TASK OBJECTIVE: Return every line from the one with "Uma ilustração minimalista" through the one with "Urlaub auf dem", inclusive, exactly as it appears below.

INPUT MATERIAL:

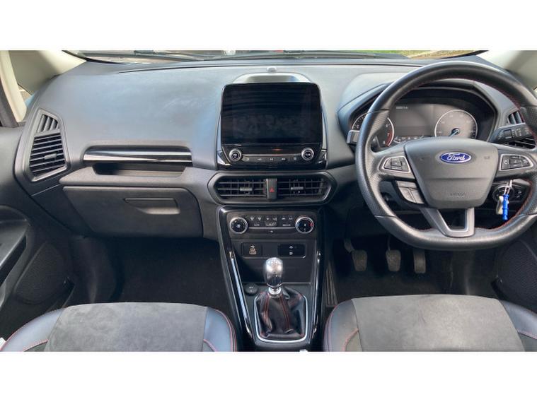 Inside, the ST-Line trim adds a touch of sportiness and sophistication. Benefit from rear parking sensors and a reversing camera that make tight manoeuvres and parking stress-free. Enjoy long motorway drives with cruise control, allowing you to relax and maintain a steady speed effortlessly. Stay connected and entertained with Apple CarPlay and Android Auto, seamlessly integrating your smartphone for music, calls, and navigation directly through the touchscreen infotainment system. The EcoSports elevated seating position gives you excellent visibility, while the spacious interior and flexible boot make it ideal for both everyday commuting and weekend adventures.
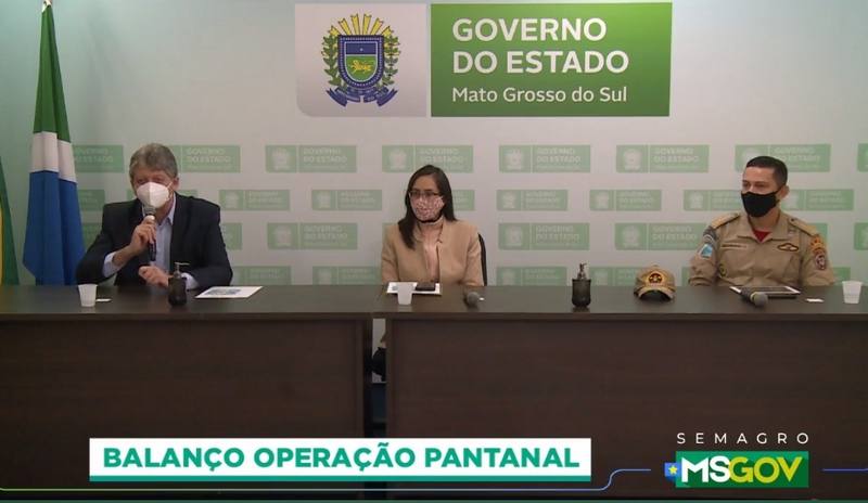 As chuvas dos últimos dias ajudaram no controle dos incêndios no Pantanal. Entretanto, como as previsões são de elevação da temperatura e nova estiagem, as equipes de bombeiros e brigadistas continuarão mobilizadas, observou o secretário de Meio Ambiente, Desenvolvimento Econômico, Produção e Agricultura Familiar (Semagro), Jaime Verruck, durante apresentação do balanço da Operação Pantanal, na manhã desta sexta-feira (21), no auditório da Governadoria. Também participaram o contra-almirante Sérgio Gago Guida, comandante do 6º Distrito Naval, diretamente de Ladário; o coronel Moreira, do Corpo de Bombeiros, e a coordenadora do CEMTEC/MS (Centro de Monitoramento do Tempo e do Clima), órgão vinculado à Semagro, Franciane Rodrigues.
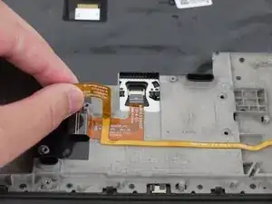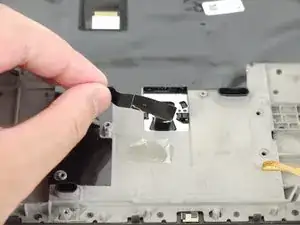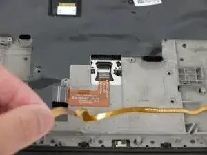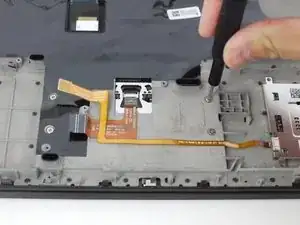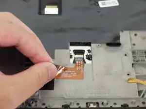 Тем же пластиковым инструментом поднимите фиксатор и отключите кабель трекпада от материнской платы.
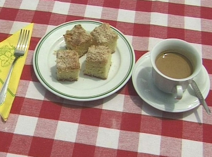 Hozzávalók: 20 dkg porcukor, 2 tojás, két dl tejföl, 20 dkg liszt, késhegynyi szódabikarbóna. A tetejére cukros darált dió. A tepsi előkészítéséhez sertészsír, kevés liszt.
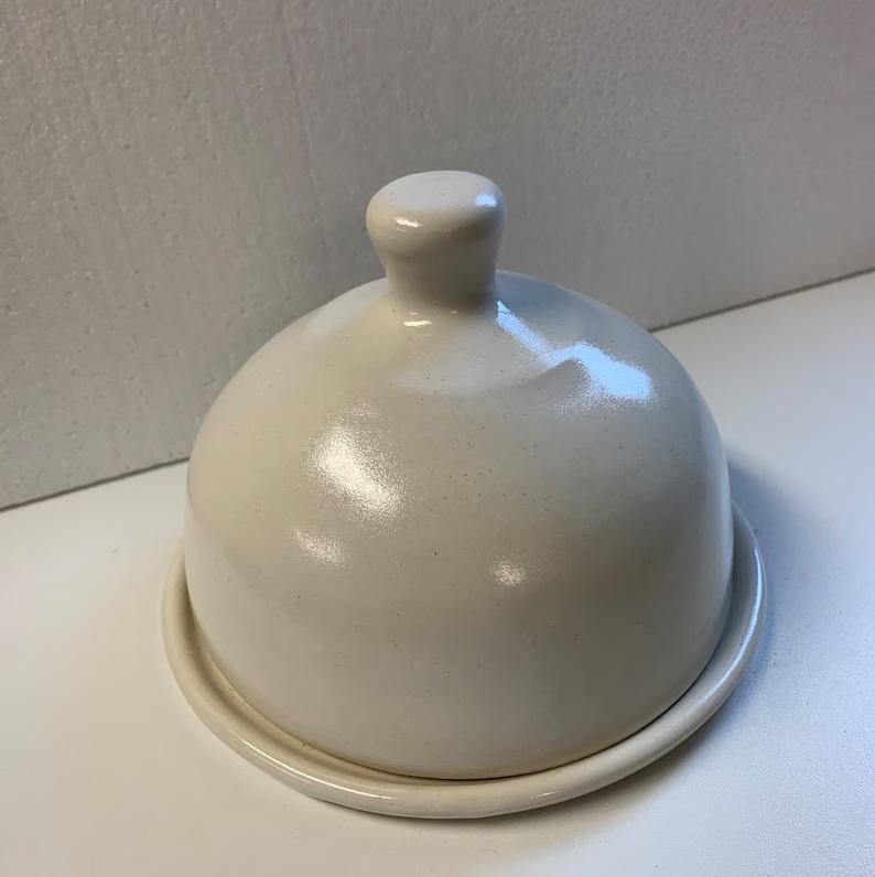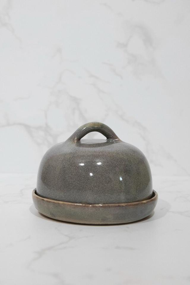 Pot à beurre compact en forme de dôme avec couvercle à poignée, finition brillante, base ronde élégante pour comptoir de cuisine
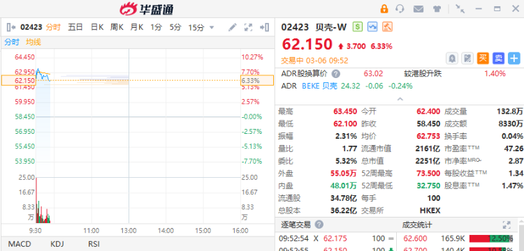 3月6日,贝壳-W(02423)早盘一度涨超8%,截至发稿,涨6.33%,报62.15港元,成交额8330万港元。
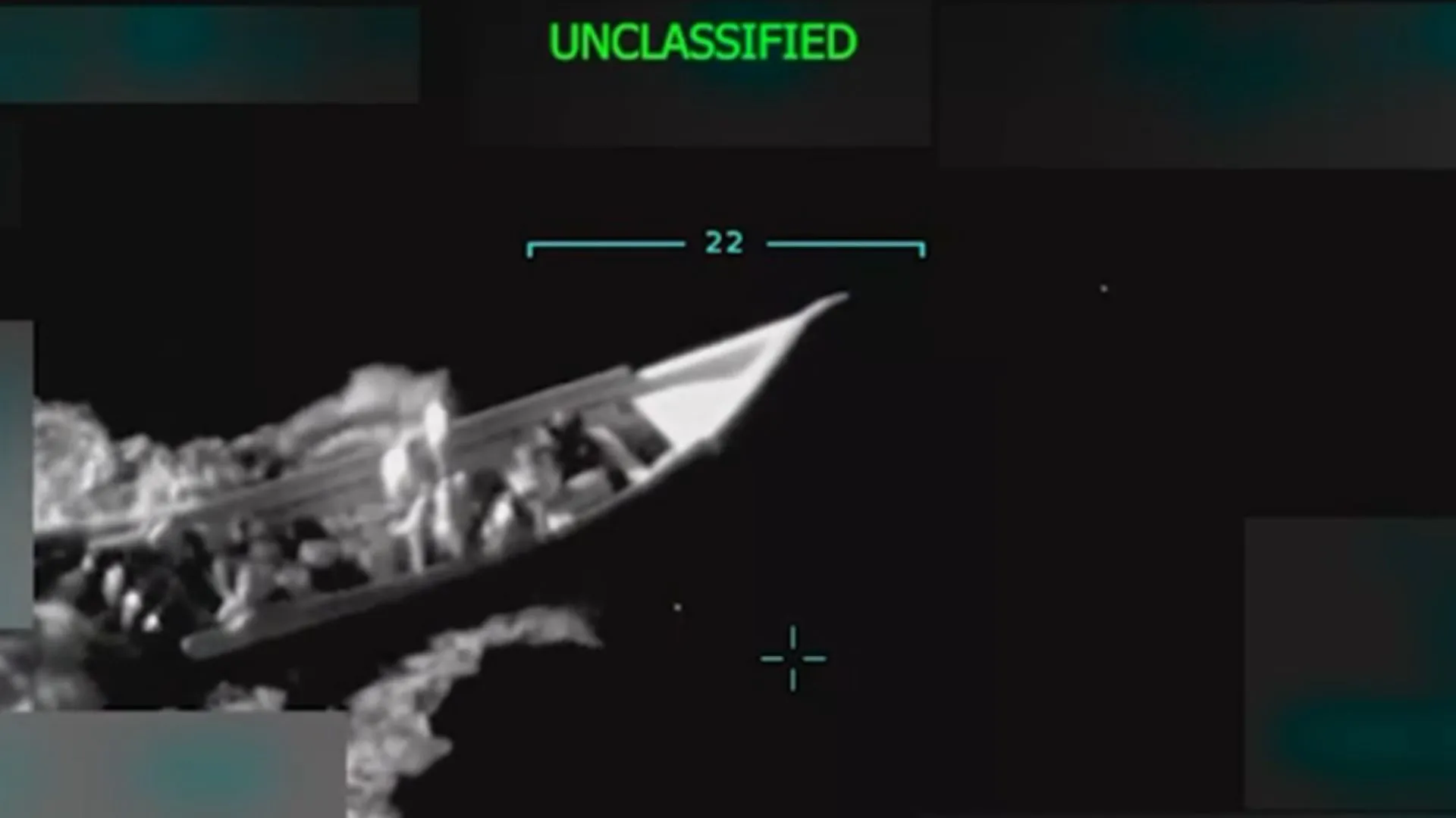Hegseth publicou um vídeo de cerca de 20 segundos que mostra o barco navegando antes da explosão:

--

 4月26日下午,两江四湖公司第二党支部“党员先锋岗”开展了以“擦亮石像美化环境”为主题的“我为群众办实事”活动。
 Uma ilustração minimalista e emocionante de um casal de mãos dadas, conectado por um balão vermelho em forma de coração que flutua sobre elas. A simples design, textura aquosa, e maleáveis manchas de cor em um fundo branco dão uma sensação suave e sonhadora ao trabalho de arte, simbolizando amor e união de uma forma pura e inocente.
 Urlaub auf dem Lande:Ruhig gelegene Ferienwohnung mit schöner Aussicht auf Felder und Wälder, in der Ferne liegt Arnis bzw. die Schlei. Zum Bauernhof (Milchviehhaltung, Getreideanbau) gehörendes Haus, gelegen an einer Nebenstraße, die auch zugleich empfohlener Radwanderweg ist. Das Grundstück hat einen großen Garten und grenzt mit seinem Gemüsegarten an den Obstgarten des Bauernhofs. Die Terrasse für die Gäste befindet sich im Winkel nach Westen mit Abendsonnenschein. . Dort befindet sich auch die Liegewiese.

* * *

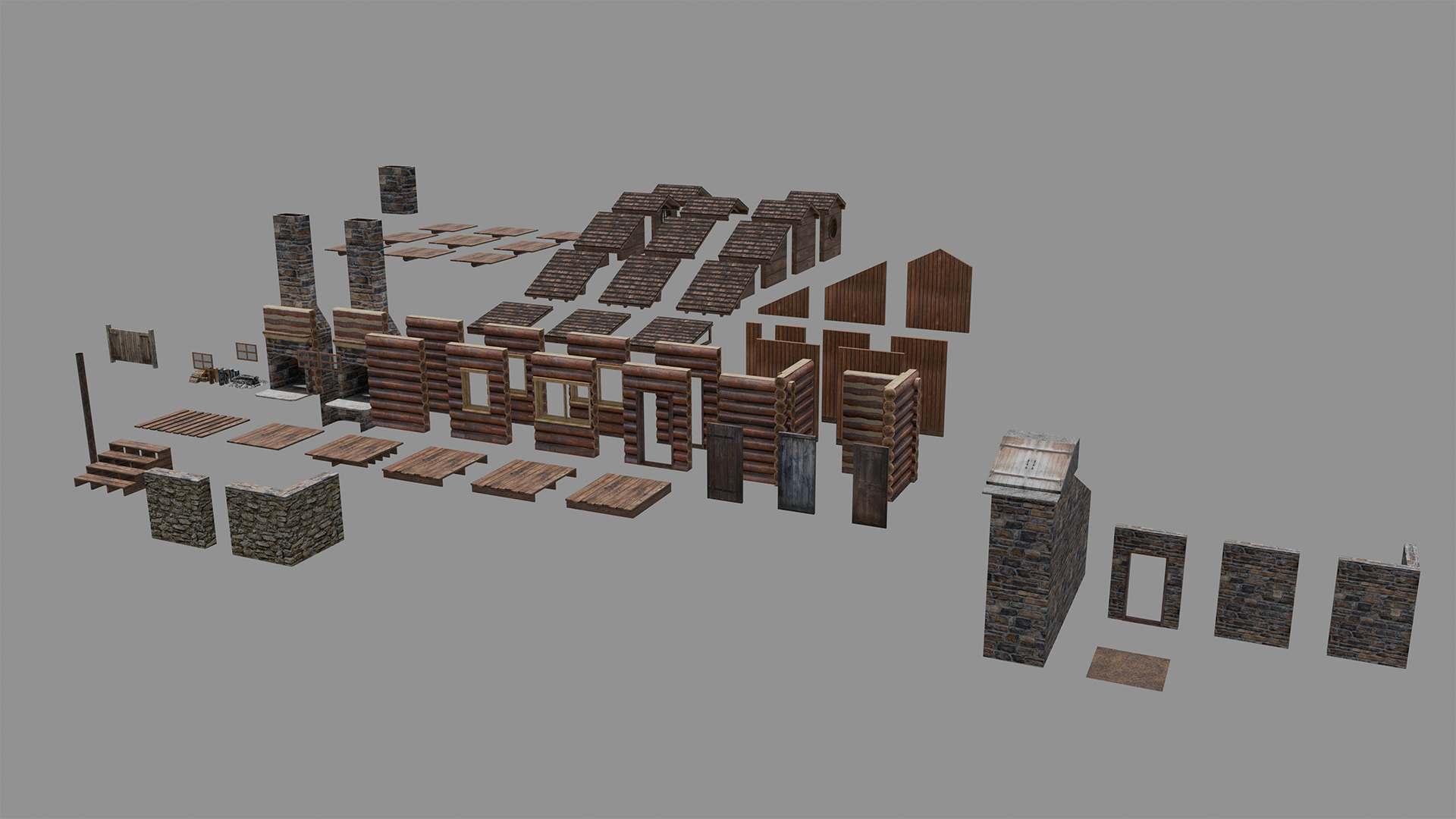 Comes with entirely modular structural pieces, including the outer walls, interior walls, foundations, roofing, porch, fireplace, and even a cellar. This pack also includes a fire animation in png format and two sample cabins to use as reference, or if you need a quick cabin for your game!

WORKED SOLUTION:
 Uma ilustração minimalista e emocionante de um casal de mãos dadas, conectado por um balão vermelho em forma de coração que flutua sobre elas. A simples design, textura aquosa, e maleáveis manchas de cor em um fundo branco dão uma sensação suave e sonhadora ao trabalho de arte, simbolizando amor e união de uma forma pura e inocente.
 Urlaub auf dem Lande:Ruhig gelegene Ferienwohnung mit schöner Aussicht auf Felder und Wälder, in der Ferne liegt Arnis bzw. die Schlei. Zum Bauernhof (Milchviehhaltung, Getreideanbau) gehörendes Haus, gelegen an einer Nebenstraße, die auch zugleich empfohlener Radwanderweg ist. Das Grundstück hat einen großen Garten und grenzt mit seinem Gemüsegarten an den Obstgarten des Bauernhofs. Die Terrasse für die Gäste befindet sich im Winkel nach Westen mit Abendsonnenschein. . Dort befindet sich auch die Liegewiese.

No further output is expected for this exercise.